729 resultados para Atrophy
Resumo:
Patients in intensive care units frequently suffer muscle weakness and atrophy due to critical illness polyneuropathy (CIP), an axonal neuropathy associated with systemic inflammatory response syndrome and multiple organ failure. CIP is a frequent and serious complication of intensive care that delays weaning from mechanical ventilation and increases mortality. The pathogenesis of CIP is not well understood and no specific therapy is available. The aim of this project was to use nerve excitability testing to investigate the changes in axonal membrane properties occurring in CIP. Ten patients (aged 37-76 years; 7 males, 3 females) were studied with electrophysiologically proven CIP. The median nerve was stimulated at the wrist and compound action potentials were recorded from abductor pollicis brevis muscle.
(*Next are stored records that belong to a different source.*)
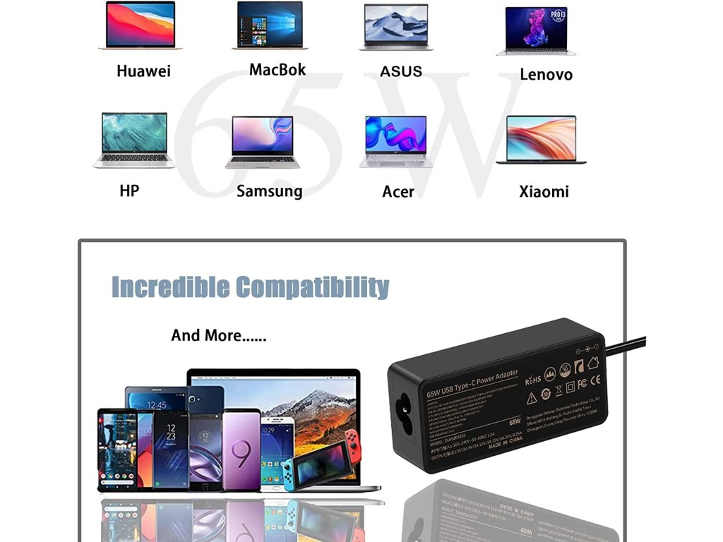 S touto nabíječkou nebudete muset mít několik různých adaptérů. Je kompatibilní s celou řadou značek a modelů, včetně Lenovo ThinkPad a Yoga, Dell, HP, Asus, Samsung, Acer a Google Chromebook. Nabíječka je robustní a spolehlivá.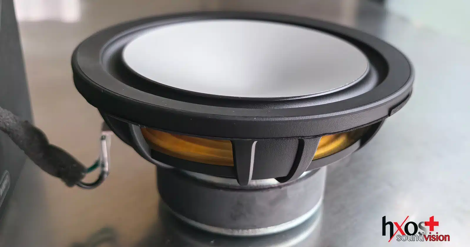 To γούφερ του 50 μοντάρεται σε αυτήν χωρίς βίδες, με μακριά ντίζα (bolt through) που βιδώνει στον μαγνήτη του και εδράζεται στην πλάτη του ηχείου, όμως είναι αθέατη καθώς καλύπτεται από το πλαστικό πάνελ με τα τέσσερα βύσματα. Δεν είναι λοιπόν κακή ιδέα μια-δυο φορές τον χρόνο να αφαιρείτε το πάνελ για να δείτε αν η ντίζα χρειάζεται σφίξιμο, όπως είναι η πάγια συμβουλή της εταιρίας για τα μοντέλα με φανερές ντίζες στις καμπίνες τους.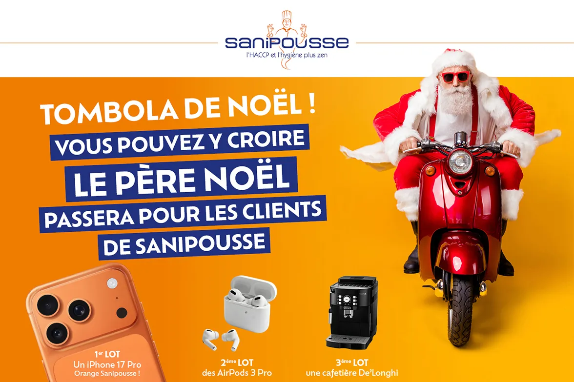 L’esprit de Noël est déjà là, et chez Sanipousse, votre partenaire expert en HACCP et Hygiène en cuisine professionnelle, nous avons décidé de vous gâter !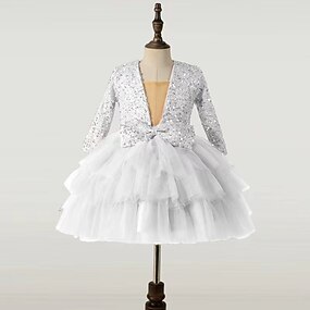 Barn Flickor Festklänning Paljett Långärmad Prestanda Bröllop Årsdag Förtjusande Prinsessa Bomull Ovanför knäet Festklänning A linjeklänning Flower Girls Klänning Höst Vinter 2-12 år Svart Vit

Strength-duration time constant, threshold electrotonus, current-threshold relationship and recovery cycle (refractoriness, superexcitability and late subexcitability) were recorded using a recently described protocol. In eight patients a follow-up investigation was performed. All patients underwent clinical examination and laboratory investigations. Compared with age-matched normal controls (20 subjects; aged 38-79 years; 7 males, 13 females), CIP patients exhibited reduced superexcitability at 7 ms, from -22.3 +/- 1.6% to -7.6 +/- 3.1% (mean +/- SE, P approximately 0.0001) and increased accommodation to depolarizing (P < 0.01) and hyperpolarizing currents (P < 0.01), indicating membrane depolarization. Superexcitability was reduced both in patients with renal failure and without renal failure. In the former, superexcitability correlated with serum potassium (R = 0.88), and late subexcitability was also reduced (as also occurs owing to hyperkalaemia in patients with chronic renal failure). In patients without renal failure, late subexcitability was normal, and the signs of membrane depolarization correlated with raised serum bicarbonate and base excess, indicating compensated respiratory acidosis. It is inferred that motor axons in these CIP patients are depolarized, in part because of raised extracellular potassium, and in part because of hypoperfusion. The chronic membrane depolarization may contribute to the development of neuropathy.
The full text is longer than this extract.